O ministro do Ambiente, Matos Fernandes, defendeu hoje que é importante aumentar a adesão ao programa Casa Eficiente, considerando que a taxa de juro praticada pelos bancos não é atrativa.

À margem de um visita ao Complexo do Cachão, em Mirandela, Matos Fernandes adiantou que vai reunir-se "em breve" com a Confederação Portuguesa da Construção e Imobiliário (CPCI) para encontrar soluções para ultrapassar o subaproveitamento do programa Casa Eficiente.

O programa Casa Eficiente tem 200 milhões de euros disponíveis para serem investidos na melhoria das condições energéticas e de eficiência das habitações.

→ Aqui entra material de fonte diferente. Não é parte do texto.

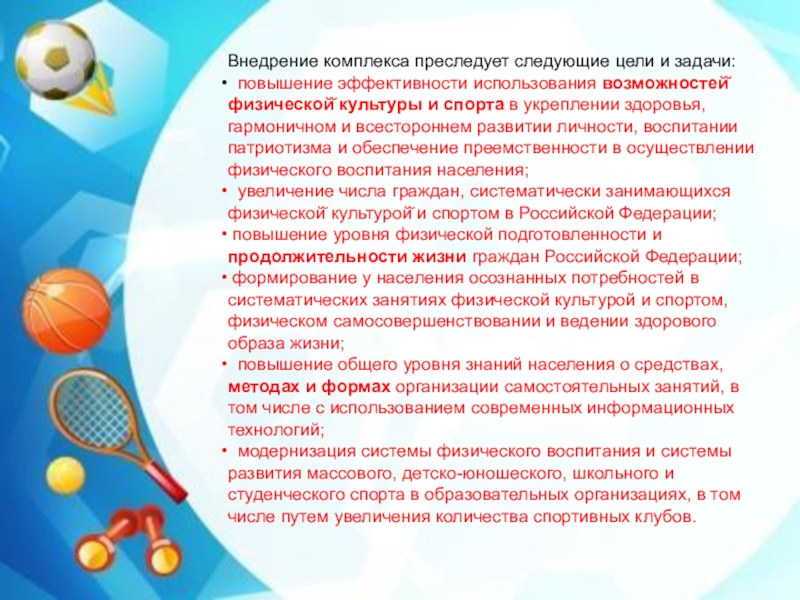 Слайд 14Внедрение комплекса преследует следующие цели и задачи: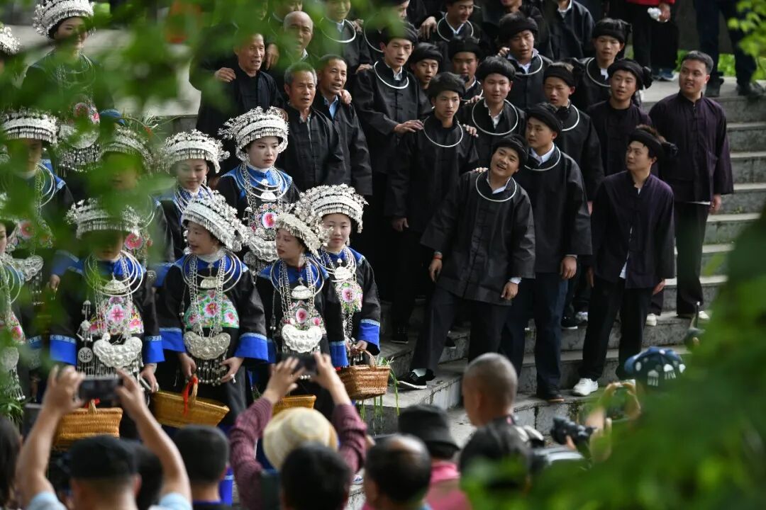 随后,最令人期待的“讨葱定情”环节在讨葱塘边开启。侗家小伙向心仪的姑娘讨要手中青葱,以此表达爱意;若姑娘有意,便将葱篮相赠。芦笙手们在一旁吹奏助兴,围观群众唱起侗族情歌为小伙鼓劲。当一对对青年男女牵手走出讨葱塘,现场爆发出阵阵欢呼。随后,人们移步莫嘎坡,山歌对唱此起彼伏,悠扬的侗歌在山谷间回荡。

“A expectativa que, quer a confederação CPCI quer o Governo tinham quando lançaram este programa, ainda não está a ser cumprida”, afirmou o ministro, realçando que “a taxa de juro que a banca está a praticar é uma taxa demasiado parecida com a do crédito pessoal para poder ser atrativa”.

Matos Fernandes defendeu que “é mesmo importante tornar mais eficientes as habitações, seja do ponto de vista energético, seja do ponto de vista elétrico”.

Já falei hoje de manhã com o presidente da CPCI e vamos muito em breve reunir para saber o que fazer com o objetivo de aproveitar estes mais de 200 milhões de euros que estão disponíveis para que possa ser investido neste setor”, afirmou.

De acordo com o jornal Público, seis meses depois de ter chegado ao terreno, o programa de eficiência energética, com uma dotação de 200 milhões de euros, permitiu empréstimos de apenas 300 mil euros, e só a CGD e o Millennium BCP avançaram com produtos específicos.